Activity: Write out again the lines from the line with "3m de Sanca" up to and including the line with "The game plays", exactly as they stand below, and skip any picture.

Records to use:
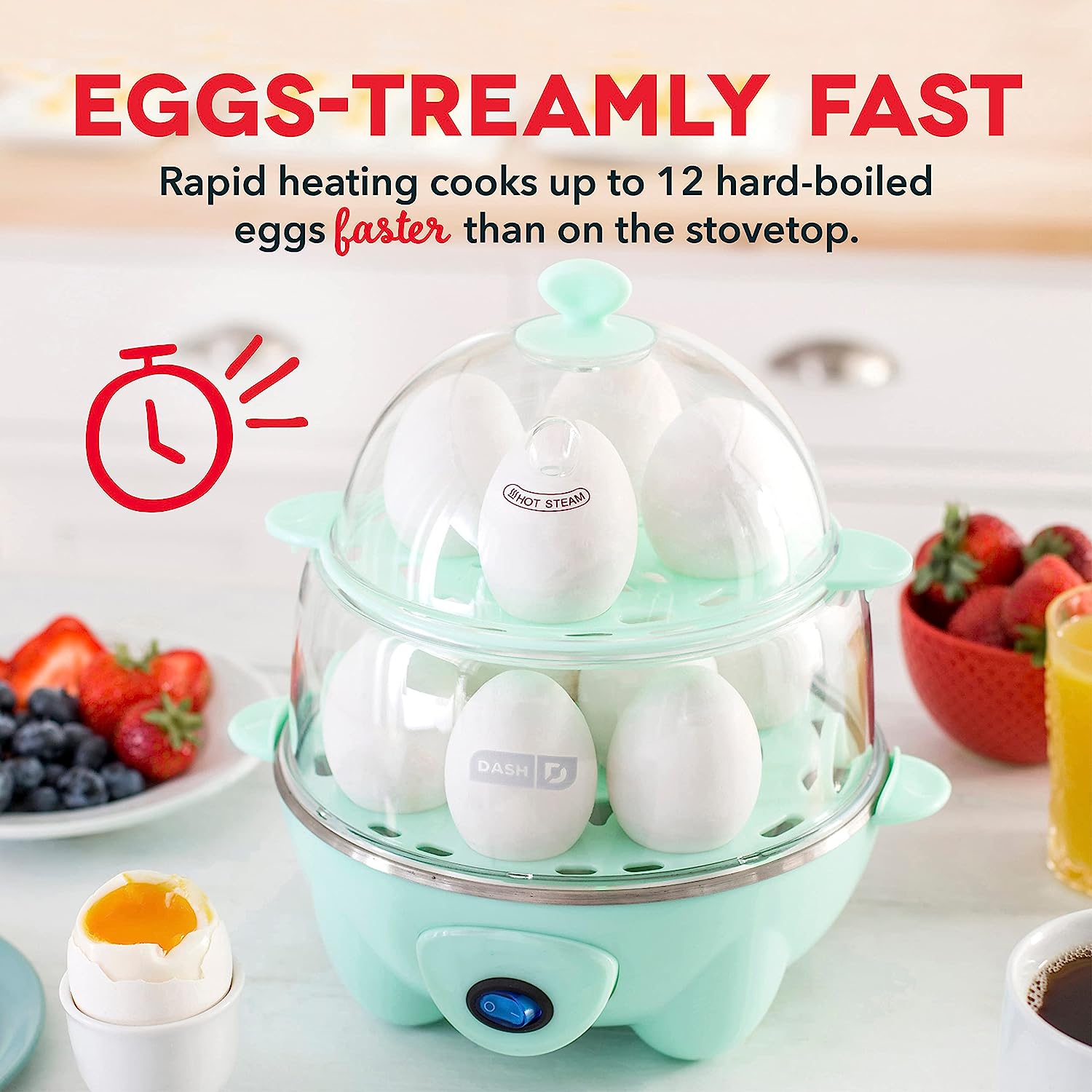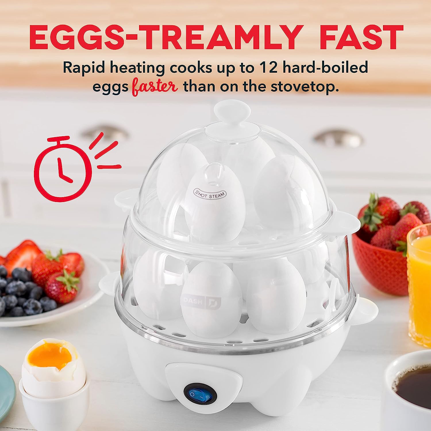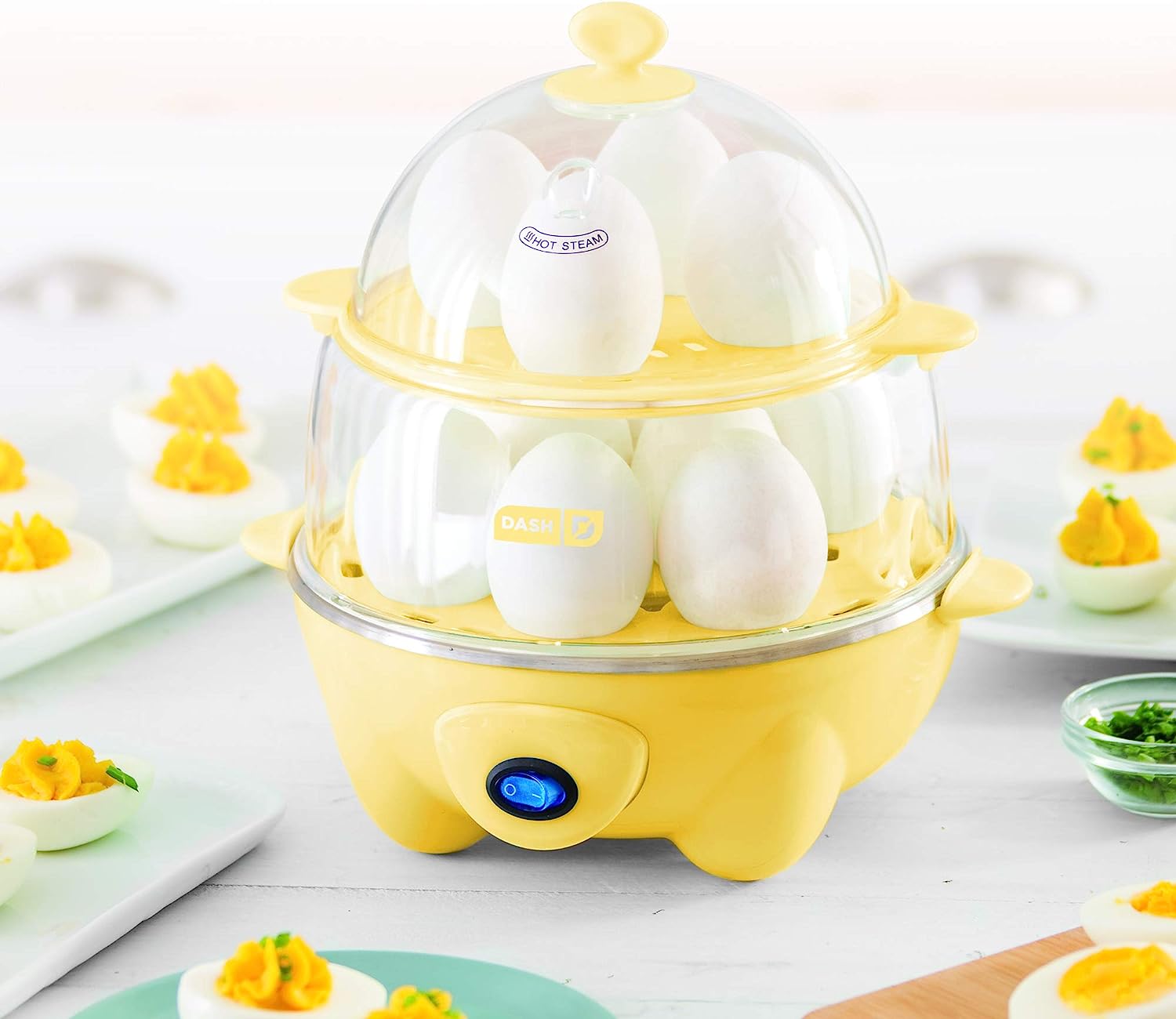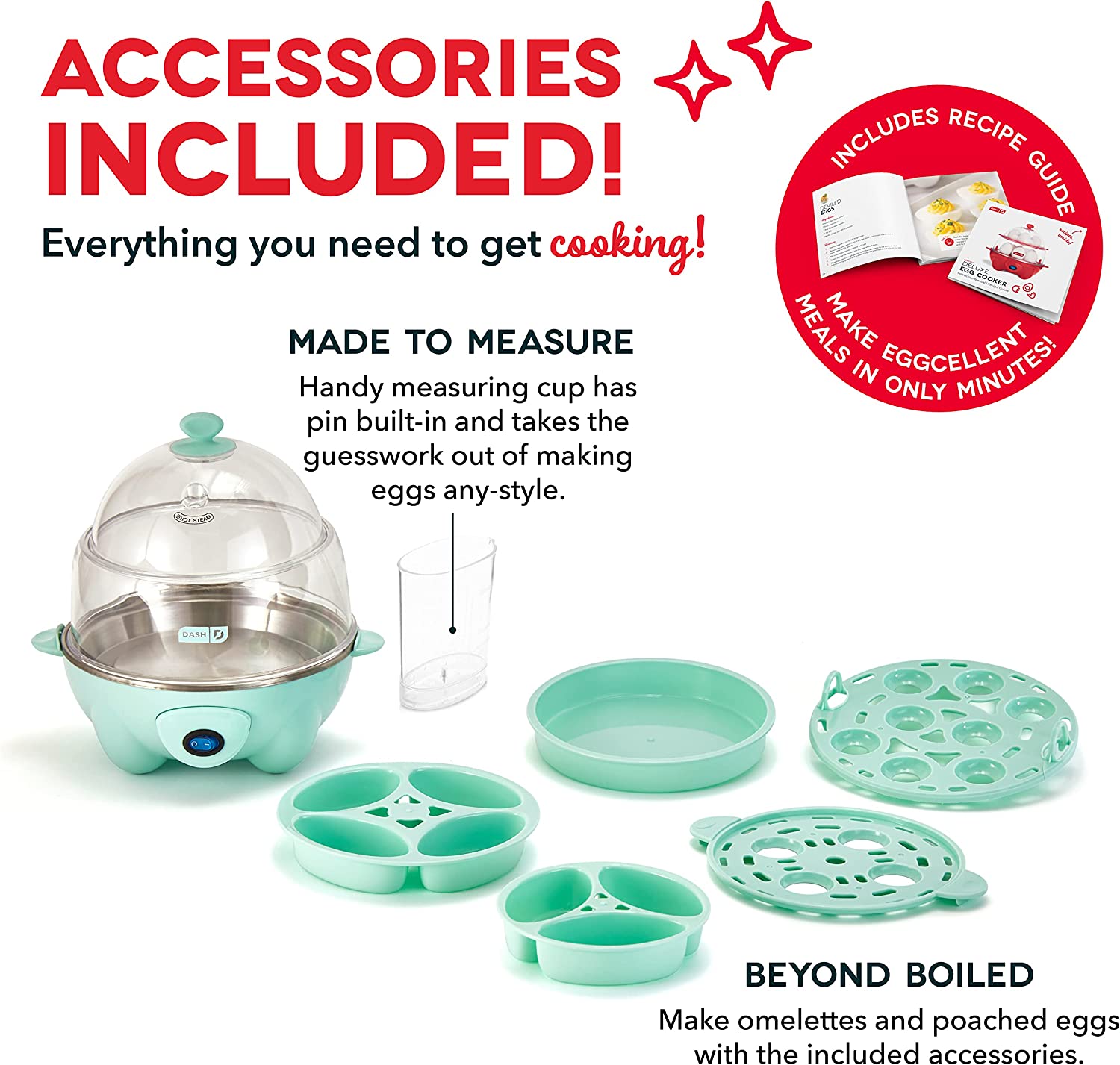 Boil a dozen eggs in a flash using the Dash Deluxe Egg Cooker. Make up to 7 poached eggs or individual omelets at a time, or utilize the big omelette tray to make a one of a kind breakfast. Whether its soft, medium, hard boiled, poached, scrambled or an omelette, this egg cooker has you covered! This unique kitchen appliance allows you to heat tortillas and steam veggies as well! Unprocess your food today with the recipe book that is included with purchase, and gain access to our database of thousands of recipes for free!
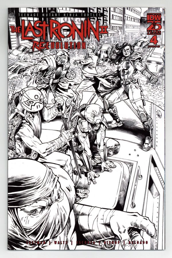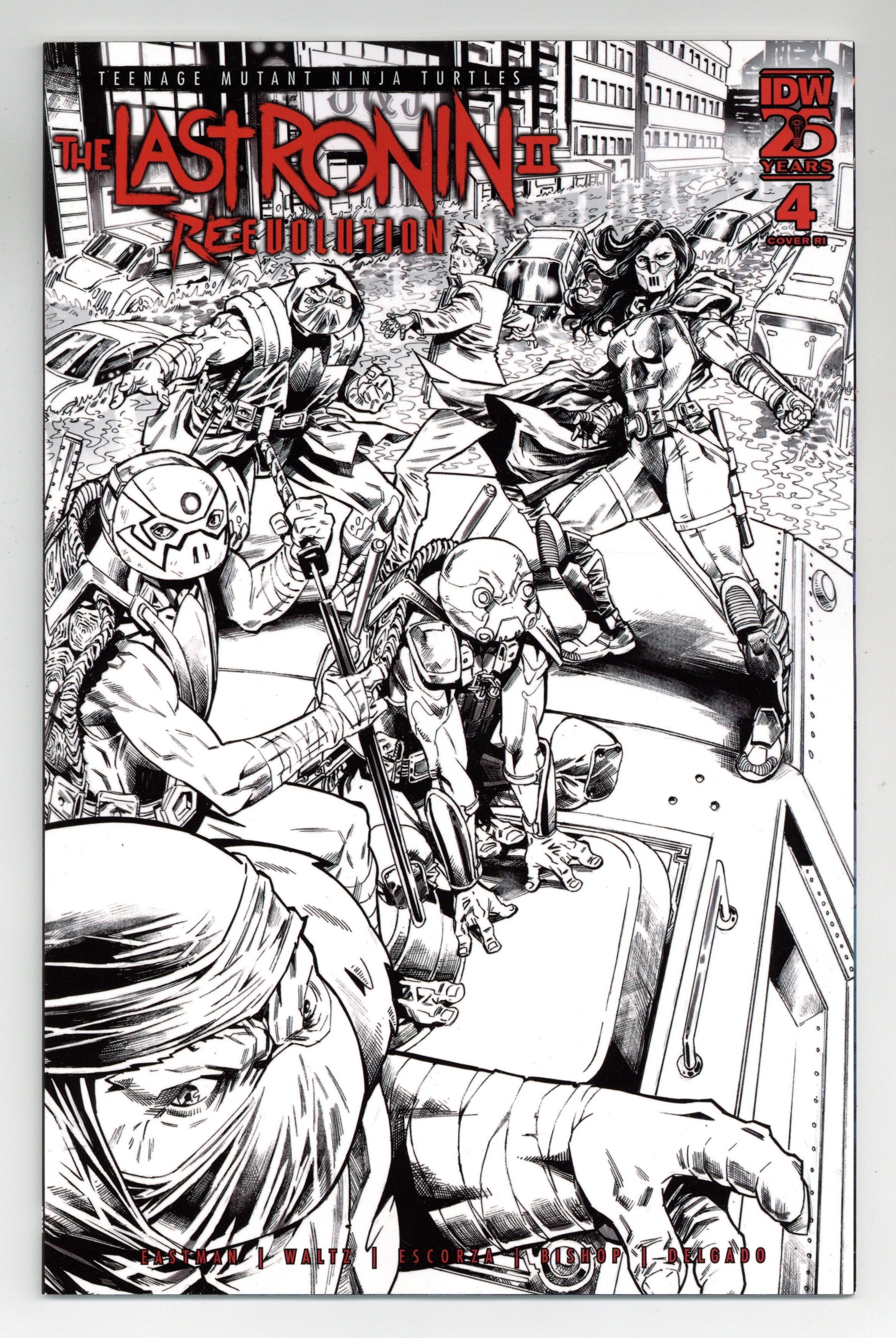 Published Jan 2025 by IDW Publishing.$27.00Limited 1 for 75 Retailer Incentive Variant Cover. Written by Kevin Eastman; Tom Waltz. Art by Escorza Brothers; Ben Bishop. Cover by Escorza Brothers. The criminal underworlds takeover of New York City is ongoing, and the violence is escalating as the city is overwhelmed by gang warfare in the streets. When coordinated attacks threaten to fully destroy the Resistance, April executes an untested contingency plan, and her allies and enemies alike must flee to safety. With the city so dangerous, though, theres few places of sanctuary left. As Resistance survivors retreat to an old stronghold, the new Teenage Mutant Ninja Turtles must reconcile the past with the present in the penultimate issue of the Re-Evolution story!The saga continues as legendary TMNT co-creator Kevin Eastman reassembles the acclaimed creative team for the next epic chapter of The Last Ronin! 48 pages, full color. Rated M Cover price $8.99.
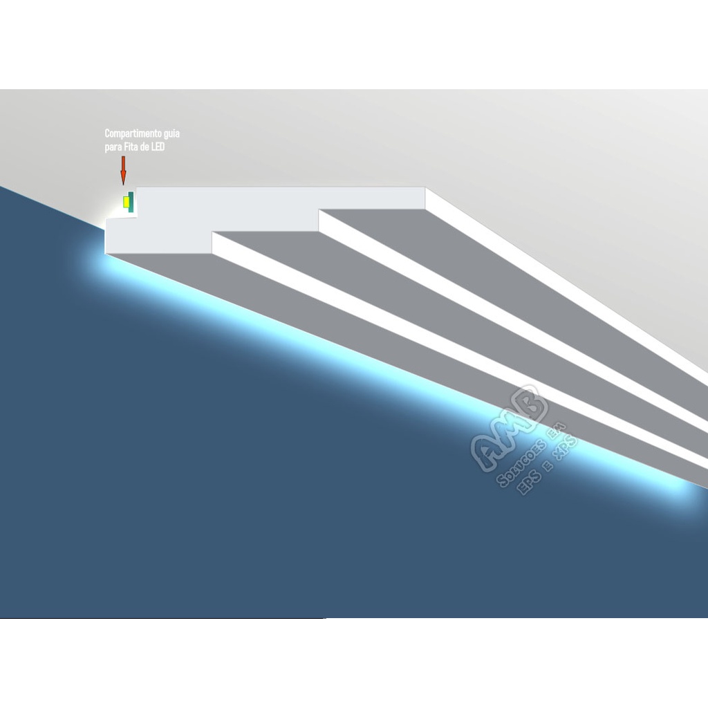 3m de Sanca 19cm EPS p/ Fita de LED iluminação indireta isopor rodateto moldura cantoneira ñ gesso
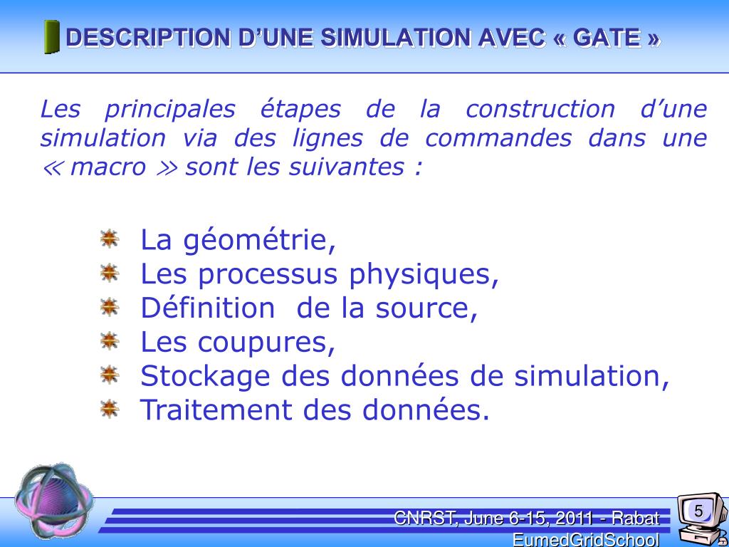 DESCRIPTION D’UNE SIMULATION AVEC « GATE » Les principales étapes de la construction d’une simulation via des lignes de commandes dans une ≪ macro ≫ sont les suivantes : • La géométrie, • Les processus physiques, • Définition de la source, • Les coupures, • Stockage des données de simulation, • Traitement des données. CNRST, June 6-15, 2011 - Rabat EumedGridSchool
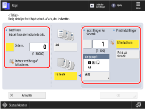 *Når du konfigurerer indstillingerne til at kopiere på fanedelen, kopieres det angivne sidetal for originalen.
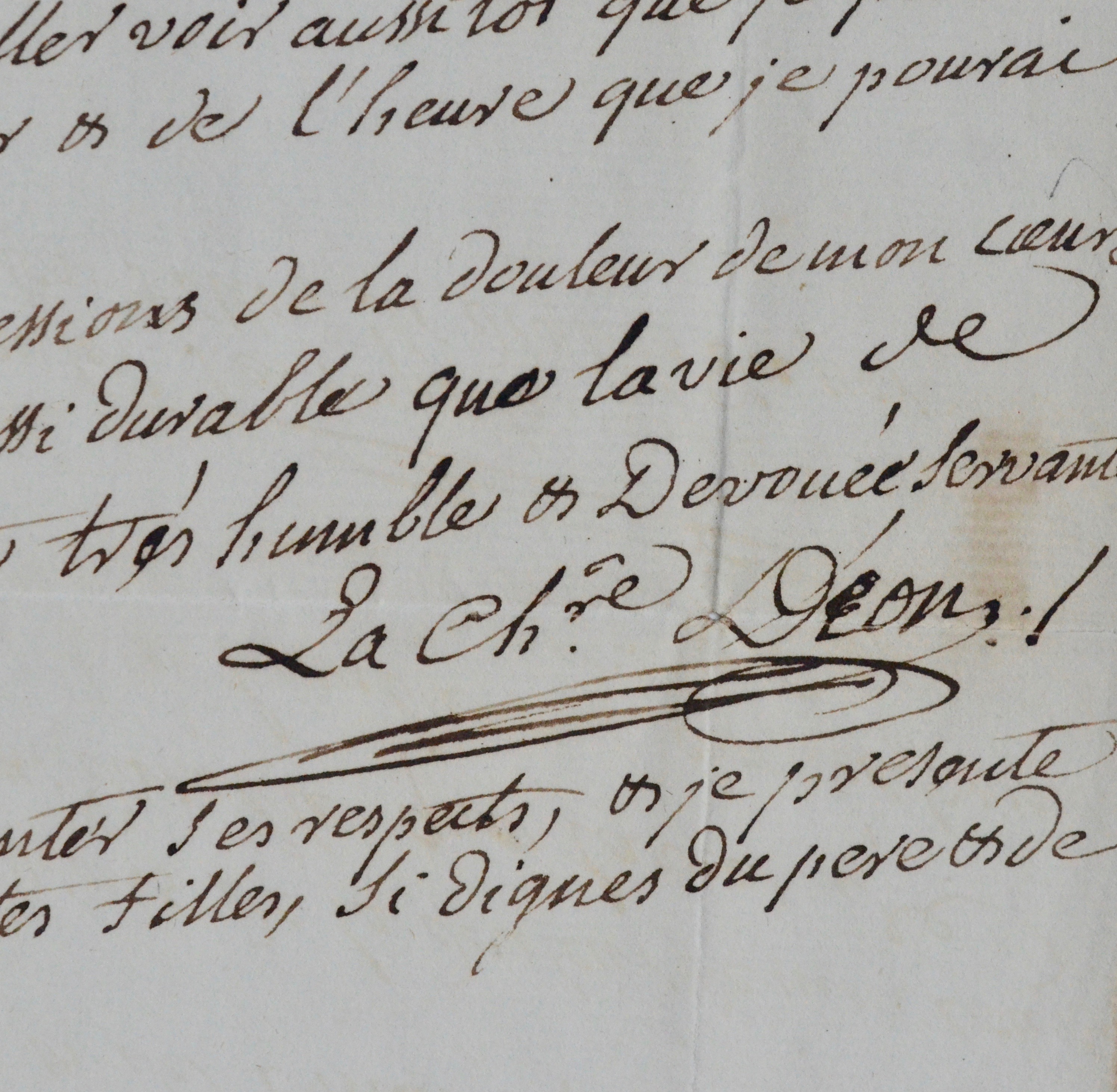 Charles Geneviève Eon de Beaumont (La Chevalière d'Eon) (Tonnerre (Yonne), 1728/1810)Intéressante lettre du chevalier d'Éon, agent secret et aventurier, travesti en femme, signée « La Chre [chevalière] D’Éon ».
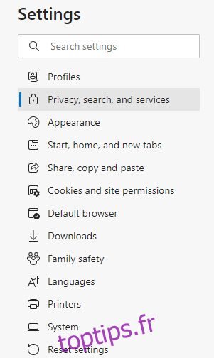 3. Dans le volet de gauche, sélectionnez « Confidentialité, recherche et services ».
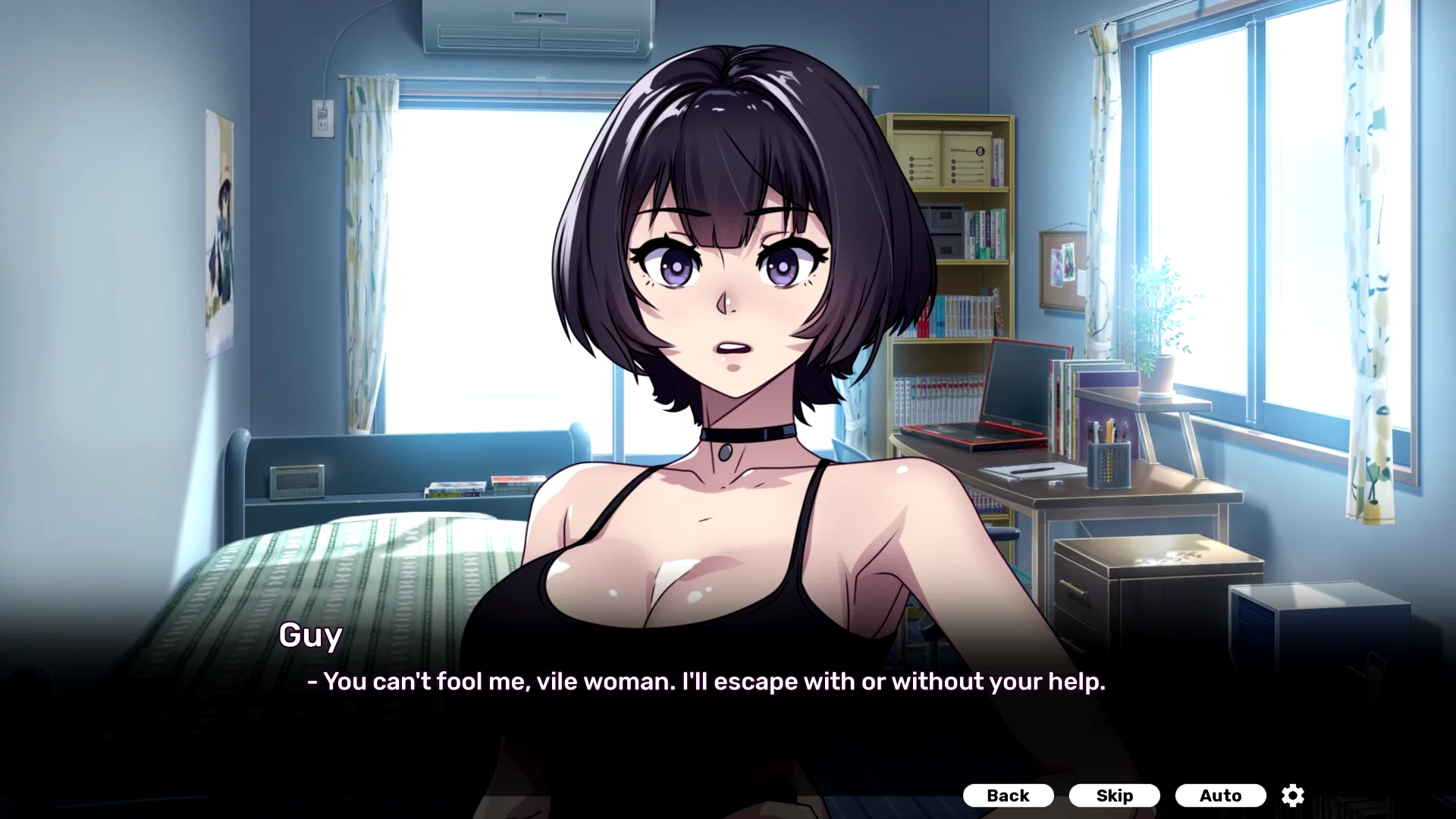 The game plays with your expectations about who’s really in control here. You might think you want to escape, but the title gives away the real question. Sometimes the scariest person in the room is also the most interesting, and this goth girl definitely fits that description.
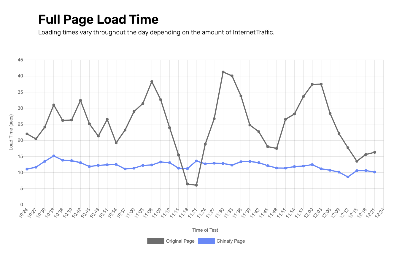 After Chinafy: The website would fully load (including trailing items like trackers) in about 10s in China. The site would visually load in less than half that time.

Output below:
 3m de Sanca 19cm EPS p/ Fita de LED iluminação indireta isopor rodateto moldura cantoneira ñ gesso
 DESCRIPTION D’UNE SIMULATION AVEC « GATE » Les principales étapes de la construction d’une simulation via des lignes de commandes dans une ≪ macro ≫ sont les suivantes : • La géométrie, • Les processus physiques, • Définition de la source, • Les coupures, • Stockage des données de simulation, • Traitement des données. CNRST, June 6-15, 2011 - Rabat EumedGridSchool
 *Når du konfigurerer indstillingerne til at kopiere på fanedelen, kopieres det angivne sidetal for originalen.
 Charles Geneviève Eon de Beaumont (La Chevalière d'Eon) (Tonnerre (Yonne), 1728/1810)Intéressante lettre du chevalier d'Éon, agent secret et aventurier, travesti en femme, signée « La Chre [chevalière] D’Éon ».
 3. Dans le volet de gauche, sélectionnez « Confidentialité, recherche et services ».
 The game plays with your expectations about who’s really in control here. You might think you want to escape, but the title gives away the real question. Sometimes the scariest person in the room is also the most interesting, and this goth girl definitely fits that description.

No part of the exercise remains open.